After Receiving $25 Million Coronavirus Bailout, JFK Center Stops Paying Musicians

After receiving a controversial $25 million bailout (which would pay for a lot of respirators), the John F. Kennedy Center for the Performing Arts notified nearly 100 musicians with the National Symphony Orchestra that they won’t receive paychecks after April 3rd, according to the orchestra’s COVID-19 Advisory Committee obtained by the Washington Free Beacon.

“The Covid-19 Advisory Committee was broadsided today during our conversation with [Kennedy Center President] Deborah Rutter,” reads the email. “Ms. Rutter abruptly informed us today that the last paycheck for all musicians and librarians will be April 3 and that we will not be paid again until the Center reopens.”

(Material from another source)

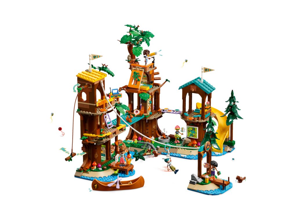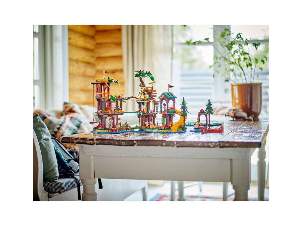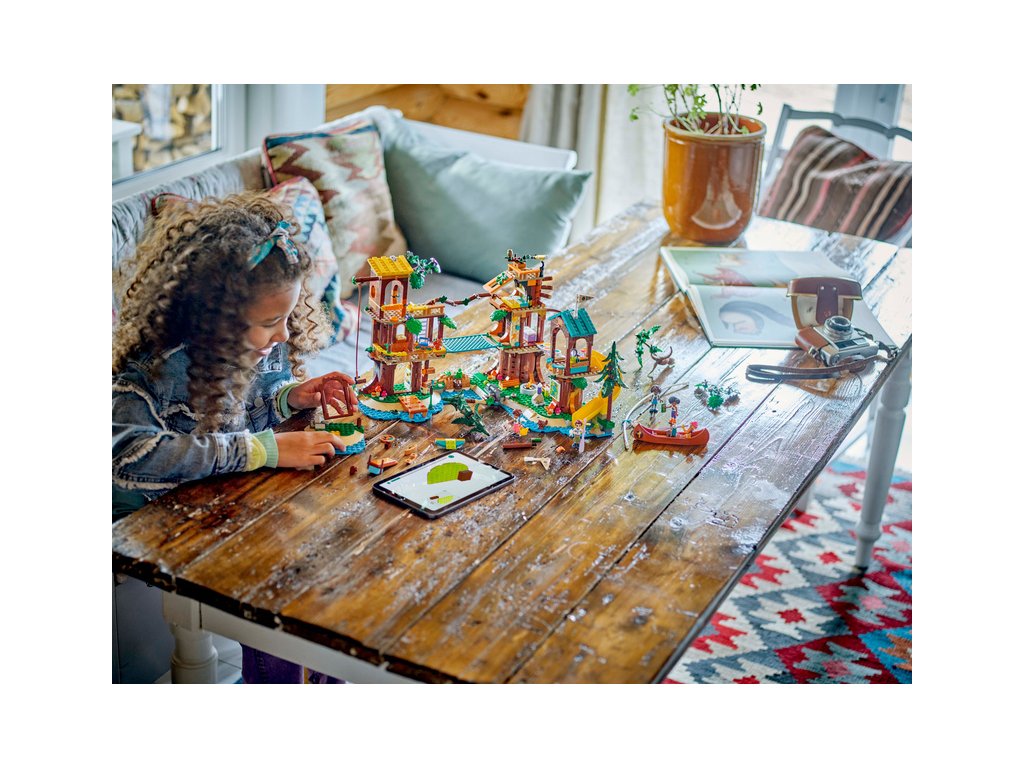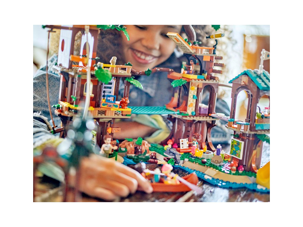 - Stavebnice tábora pro děti – Sada LEGO® Friends Dobrodružný tábor – dům na stromě pro děti i holky od 8 let obsahuje 5 minipanenek, spoustu figurek zvířat, kanoi a sportovní doplňky

The email went out to members on Friday evening, shortly after President Trump signed the $2 trillion CARES Act, a stimulus package intended to provide relief to people left unemployed by the coronavirus pandemic. Congress included $25 million in taxpayer funding for the Kennedy Center, a provision that raised eyebrows from both Democrats and Republicans, but ultimately won support from President Trump. The bailout was designed to “cover operating expenses required to ensure the continuity of the John F. Kennedy Center for the Performing Arts and its affiliates, including for employee compensation and benefits, grants, contracts, payments for rent or utilities, fees for artists or performers,” according to the law’s text. The arts organization decided that the relief did not extend to members of the National Symphony Orchestra, its house orchestra. –Washington Free Beacon

“Everyone should proceed as if their last paycheck will be April 3,” the email continues. “We understand this will come [as a] shock to all of you, as it did to us.”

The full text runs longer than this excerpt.